◆ Work instructions:
Once the pictures are removed, reproduce what is left of the data below exactly.

◆ Available data:
==========
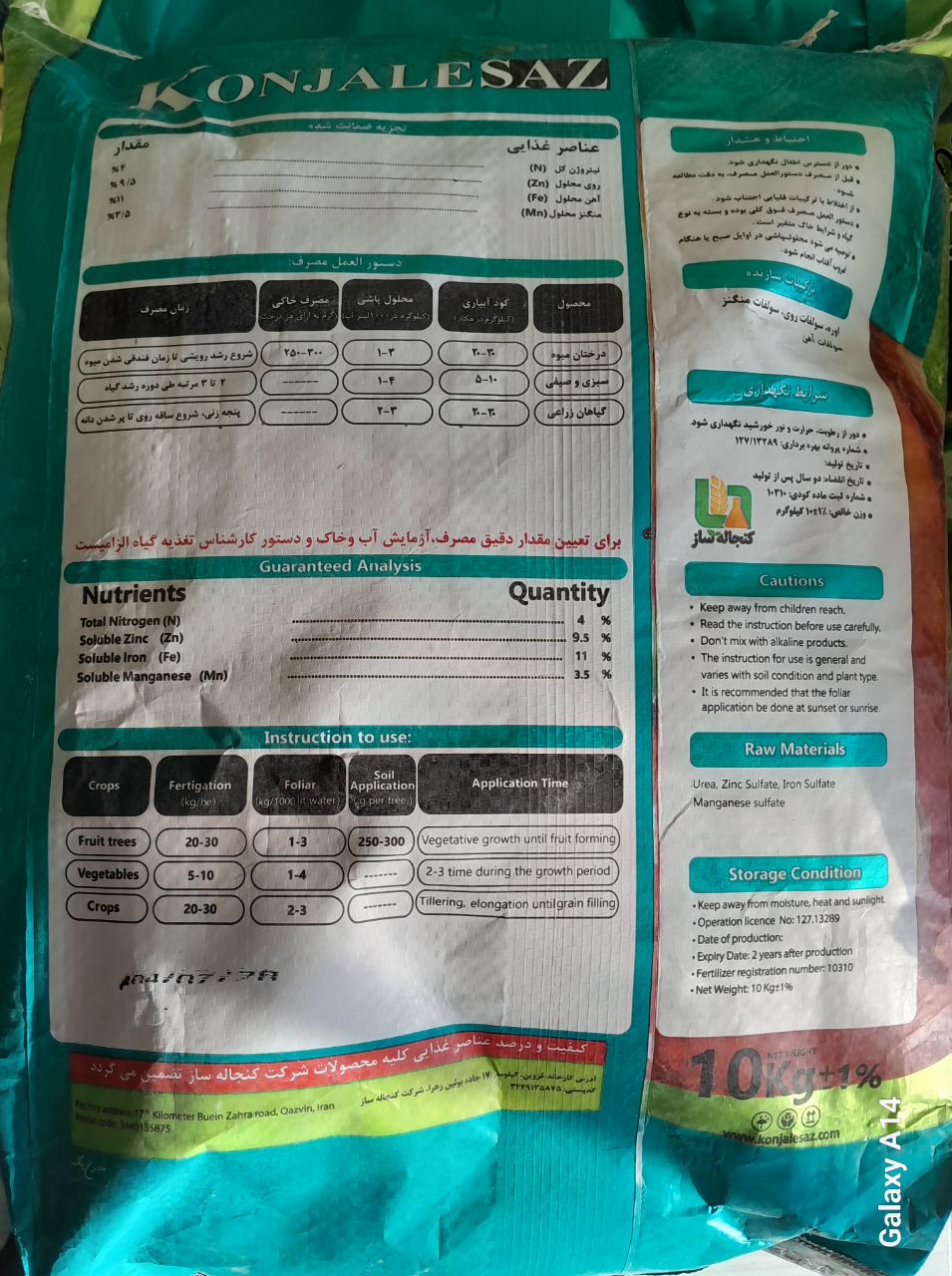 حاوی اوره.سولفات روی.سولفات منگنز و سولفات آهن
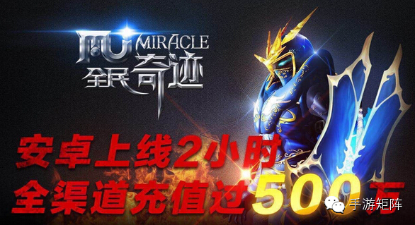 安卓上线2小时,全渠道充值过500万,10万新增。
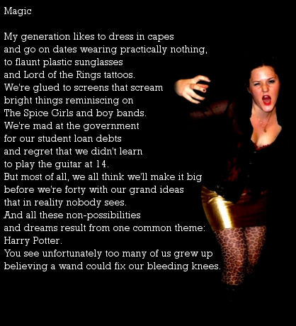 Posted in poetry Magic Image• Posted on April 25, 2013May 24, 2013 by SHE'S IN PRISON Share this: Click to share on X (Opens in new window) X Click to share on Facebook (Opens in new window) Facebook Click to email a link to a friend (Opens in new window) Email Click to share on Pinterest (Opens in new window) Pinterest Click to print (Opens in new window) Print More Click to share on Tumblr (Opens in new window) Tumblr Click to share on LinkedIn (Opens in new window) LinkedIn Click to share on Reddit (Opens in new window) Reddit Click to share on Pocket (Opens in new window) Pocket Like Loading... Author: SHE'S IN PRISON Poetry and music. View All Posts
==========
◆ Exercise response:
 حاوی اوره.سولفات روی.سولفات منگنز و سولفات آهن
 安卓上线2小时,全渠道充值过500万,10万新增。
 Posted in poetry Magic Image• Posted on April 25, 2013May 24, 2013 by SHE'S IN PRISON Share this: Click to share on X (Opens in new window) X Click to share on Facebook (Opens in new window) Facebook Click to email a link to a friend (Opens in new window) Email Click to share on Pinterest (Opens in new window) Pinterest Click to print (Opens in new window) Print More Click to share on Tumblr (Opens in new window) Tumblr Click to share on LinkedIn (Opens in new window) LinkedIn Click to share on Reddit (Opens in new window) Reddit Click to share on Pocket (Opens in new window) Pocket Like Loading... Author: SHE'S IN PRISON Poetry and music. View All Posts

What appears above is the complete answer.